*** The input

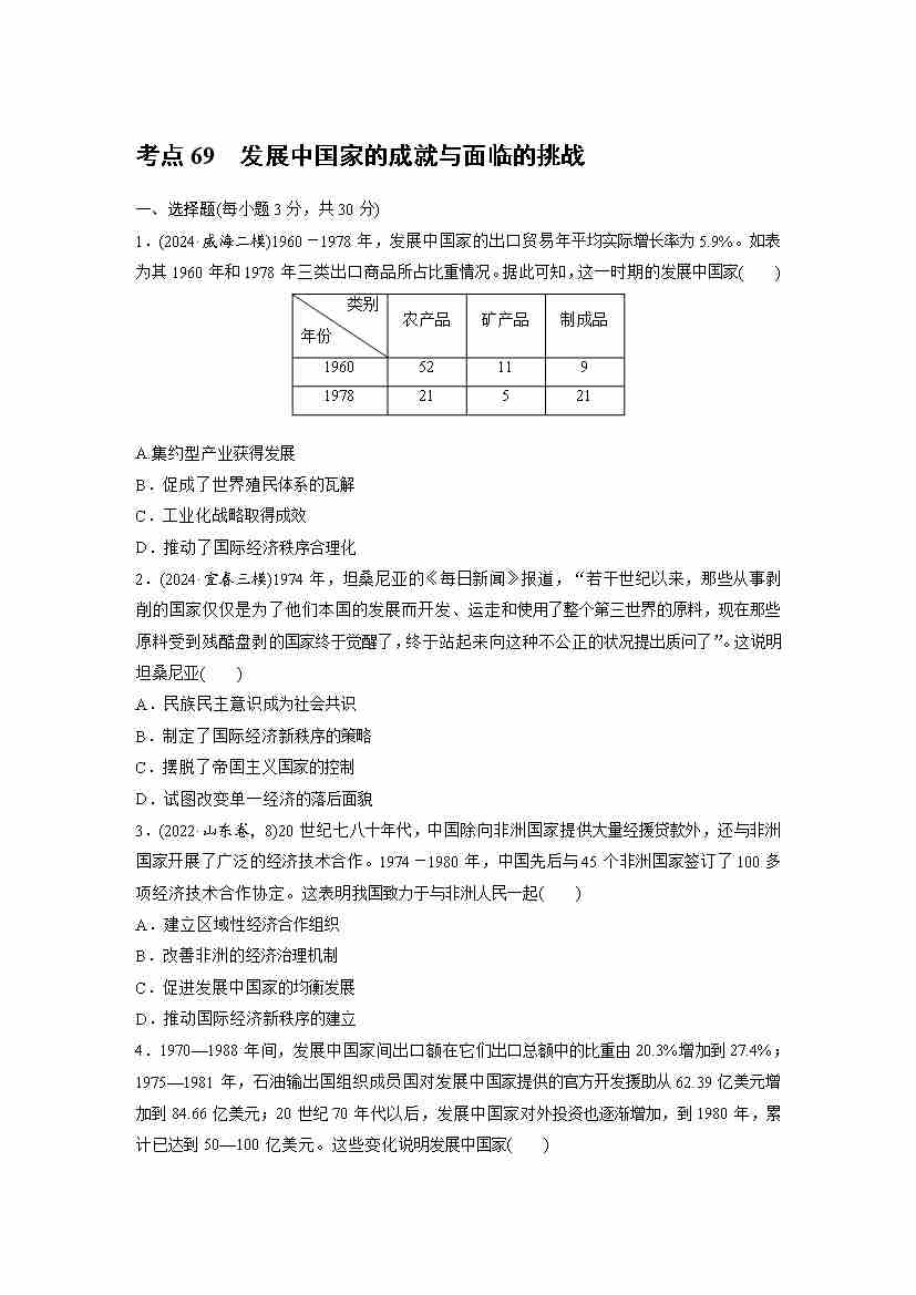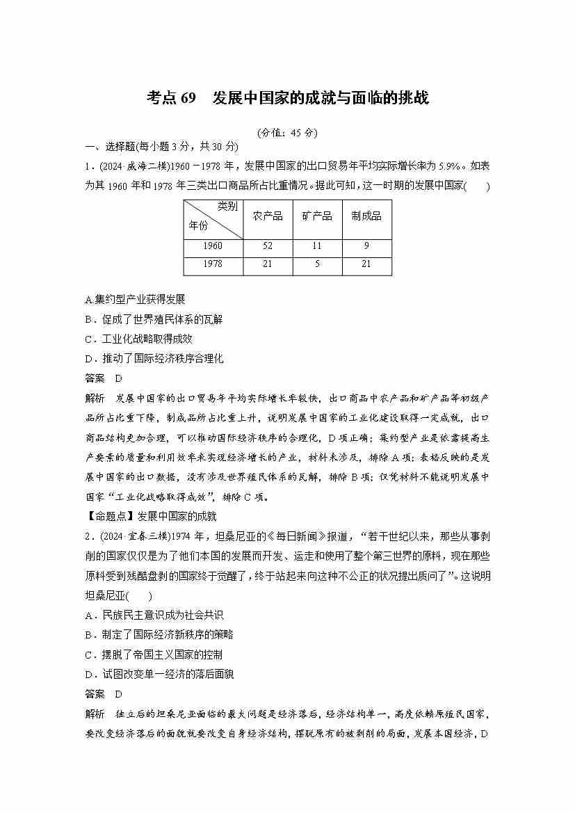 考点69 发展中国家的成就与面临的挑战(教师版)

******
*** The input

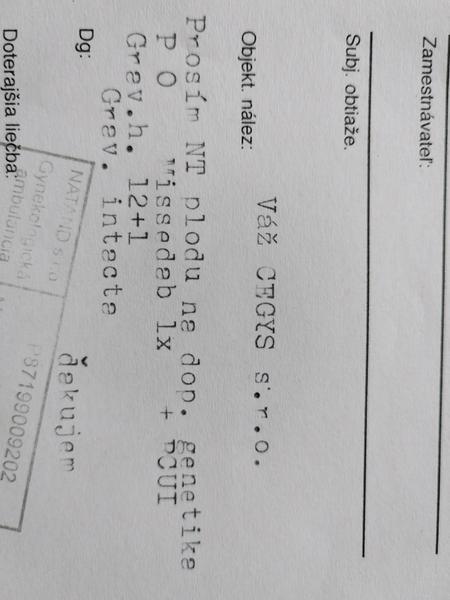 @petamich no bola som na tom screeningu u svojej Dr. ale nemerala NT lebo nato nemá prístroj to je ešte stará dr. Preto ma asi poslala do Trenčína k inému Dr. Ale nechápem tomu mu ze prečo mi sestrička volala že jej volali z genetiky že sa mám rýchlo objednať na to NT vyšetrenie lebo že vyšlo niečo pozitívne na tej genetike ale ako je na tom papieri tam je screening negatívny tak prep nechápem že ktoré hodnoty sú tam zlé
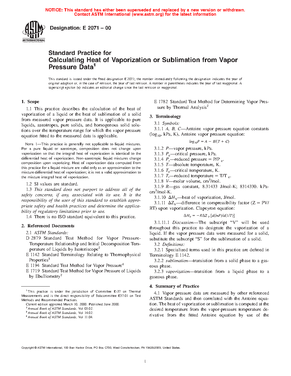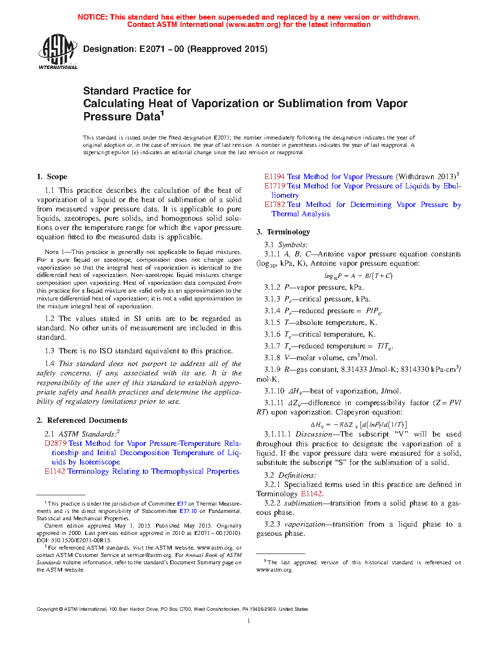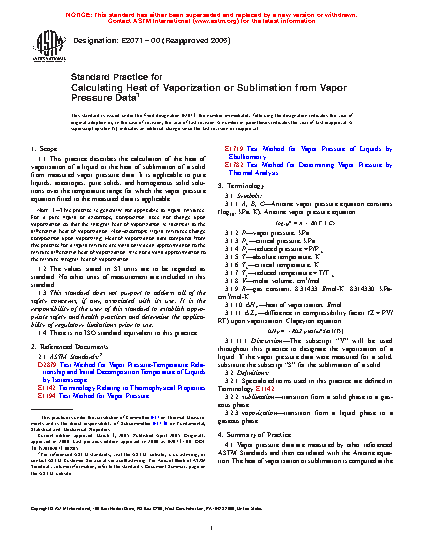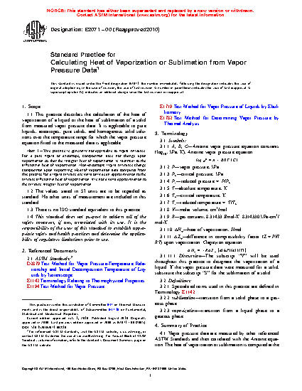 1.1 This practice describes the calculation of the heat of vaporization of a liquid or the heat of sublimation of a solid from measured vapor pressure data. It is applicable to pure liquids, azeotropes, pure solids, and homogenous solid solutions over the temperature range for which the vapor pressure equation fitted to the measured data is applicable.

******
*** The input

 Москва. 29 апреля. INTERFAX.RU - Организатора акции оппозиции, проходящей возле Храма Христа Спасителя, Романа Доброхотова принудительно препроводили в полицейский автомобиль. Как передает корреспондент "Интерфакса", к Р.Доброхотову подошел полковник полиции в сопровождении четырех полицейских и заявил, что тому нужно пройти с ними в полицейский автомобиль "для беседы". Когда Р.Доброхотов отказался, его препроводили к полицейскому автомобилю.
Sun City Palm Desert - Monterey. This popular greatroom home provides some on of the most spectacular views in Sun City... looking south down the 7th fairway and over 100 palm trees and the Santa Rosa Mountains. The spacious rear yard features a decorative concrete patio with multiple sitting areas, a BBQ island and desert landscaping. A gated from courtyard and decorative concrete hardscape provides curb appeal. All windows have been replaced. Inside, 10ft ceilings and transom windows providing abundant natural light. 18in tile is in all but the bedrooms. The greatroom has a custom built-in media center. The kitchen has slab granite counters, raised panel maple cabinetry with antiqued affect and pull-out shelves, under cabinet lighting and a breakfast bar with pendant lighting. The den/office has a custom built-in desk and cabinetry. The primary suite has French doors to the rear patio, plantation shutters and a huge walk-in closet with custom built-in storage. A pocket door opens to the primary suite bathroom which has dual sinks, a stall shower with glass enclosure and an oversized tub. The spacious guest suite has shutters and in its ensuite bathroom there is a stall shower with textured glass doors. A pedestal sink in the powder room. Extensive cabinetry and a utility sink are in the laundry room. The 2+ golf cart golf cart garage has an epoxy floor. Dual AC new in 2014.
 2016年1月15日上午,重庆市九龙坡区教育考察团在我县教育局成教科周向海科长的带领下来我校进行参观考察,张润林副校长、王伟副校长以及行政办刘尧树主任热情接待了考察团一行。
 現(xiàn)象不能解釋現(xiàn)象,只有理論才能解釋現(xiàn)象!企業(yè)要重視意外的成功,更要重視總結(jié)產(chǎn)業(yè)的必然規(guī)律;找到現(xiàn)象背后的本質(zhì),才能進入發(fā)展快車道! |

******

*Directions*. Beginning at the line above that contains "hodnoty sú tam zlé", repeat each line exactly through the one that contains "1.1 This practice", and leave out the pictures.

*Response area*.
 @petamich no bola som na tom screeningu u svojej Dr. ale nemerala NT lebo nato nemá prístroj to je ešte stará dr. Preto ma asi poslala do Trenčína k inému Dr. Ale nechápem tomu mu ze prečo mi sestrička volala že jej volali z genetiky že sa mám rýchlo objednať na to NT vyšetrenie lebo že vyšlo niečo pozitívne na tej genetike ale ako je na tom papieri tam je screening negatívny tak prep nechápem že ktoré hodnoty sú tam zlé
 1.1 This practice describes the calculation of the heat of vaporization of a liquid or the heat of sublimation of a solid from measured vapor pressure data. It is applicable to pure liquids, azeotropes, pure solids, and homogenous solid solutions over the temperature range for which the vapor pressure equation fitted to the measured data is applicable.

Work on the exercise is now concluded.